Fig 2: Both IL-17 and IL-22 induce an increase in IKKα expression in Neoderm. Neoderm tissues were cultured under 100 ng/ml of IL-17 or IL-22 for 48 hours and fixed for H&E and immunohistochemical staining assays. The results shown are representative of the three independent batches of Neoderm experiments.
Fig 3: Cell cycle analysis demonstrates that HaCaT cells cultured by switching into high calcium concentrations (Ca 2.8 mM) evidenced an elevated proportion of G0/G1 phase, regardless of IL-17 and IL-22 treatment. By way of contrast, HaCaT cells maintained at low calcium concentrations (Ca 0.06 mM) evidenced more cells in S- or G2/M phase compared with those transferred to a medium containing 2.8 mM of calcium. The data are expressed as the means±standard error of the mean and the statistical differences were analyzed between low- and high-calcium treated groups in each of the experiments. PI=(S+G2/M)/(G0/G1+S+G2/M). NS: not significant, PI: proliferation index. **p<0.01; *p<0.05.
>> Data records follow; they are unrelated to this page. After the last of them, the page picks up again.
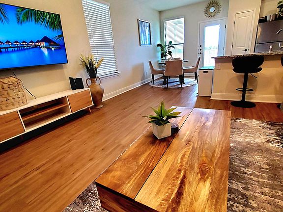 Fully Furnished Home. Enjoy your stay at a newly built and fully furnished home with a view. Very inviting, minimalist and peaceful space. All bedrooms are upstairs. Kitchen, living room, half-bathroom and garage are downstairs. Enjoy the view from the back patio and upstairs main bedroom to an open field. Single car garage has 220-volt electric car outlets. Samsung 65 inch smart TV provided in the living room, so that you can sign in to your favorite streaming apps. Another Samsung smart TV upstairs in the main bedroom. Gated community with outdoor playground and walking trails.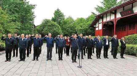 6月5日,參加省領導干部主題教育讀書班的全體學員在扎西會議會址重溫入黨誓詞。記者 雷桐蘇 顧彬 攝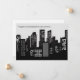 Our company has moved to a new location. Modern, custom city skyline at night drawing in black and white on customized moving announcement cards for your business. Chic corporate relocation card for professional marketing to clients and customers. .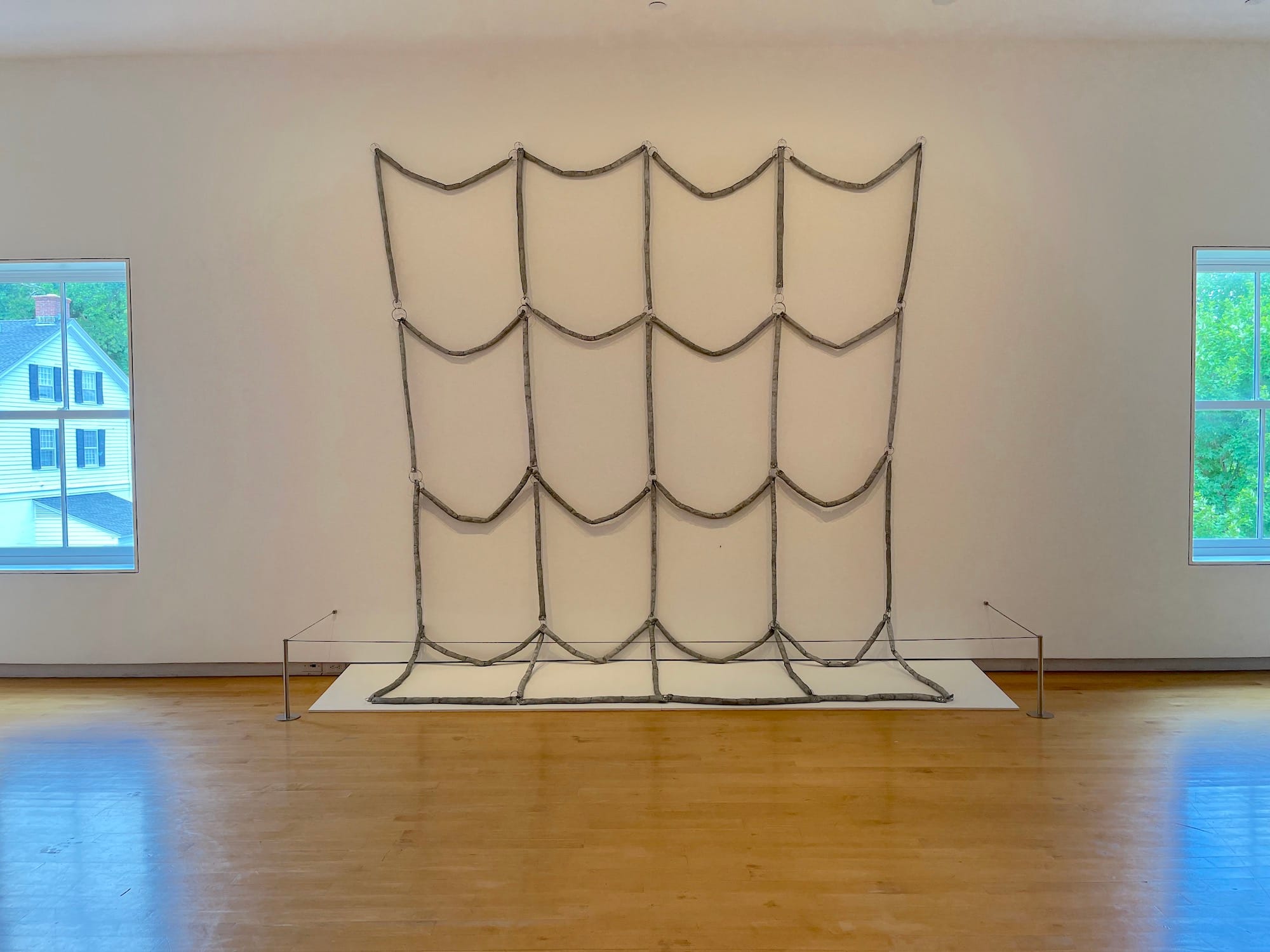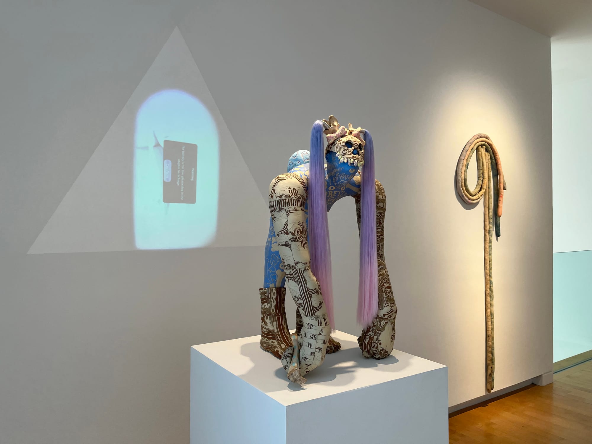 Yet upstairs the works in one room forgo the figure entirely — chief among them an enormous, soft sculptural work by Howardena Pindell, "Untitled" (1968–1970), that teasingly responds to the centrality of the grid in the then-dominant (and male-dominated) minimalist movement. Yet another second-floor room includes work rife with a dark and playful humor, including sculptural installations like Amaryllis Dejesus Moleski’s “The Girl Has Teeth and Teeth Are Tired” (2022) and Pamela Council’s “Ringholders” (2016–ongoing).

Fig 4: IL-17 and IL-22 induce pro-inflammatory cytokine production in HaCaT cells. HaCaT cells were cultured under 100 ng/ml of IL-17 or IL-22 for 48 hours, with or without preincubation of PS1145, at a concentration of 10µM for an hour and collected culture supernatant for ELISA. The data are expressed as the means±standard error of the mean at three independent experiments. NS: not significant. *p<0.05.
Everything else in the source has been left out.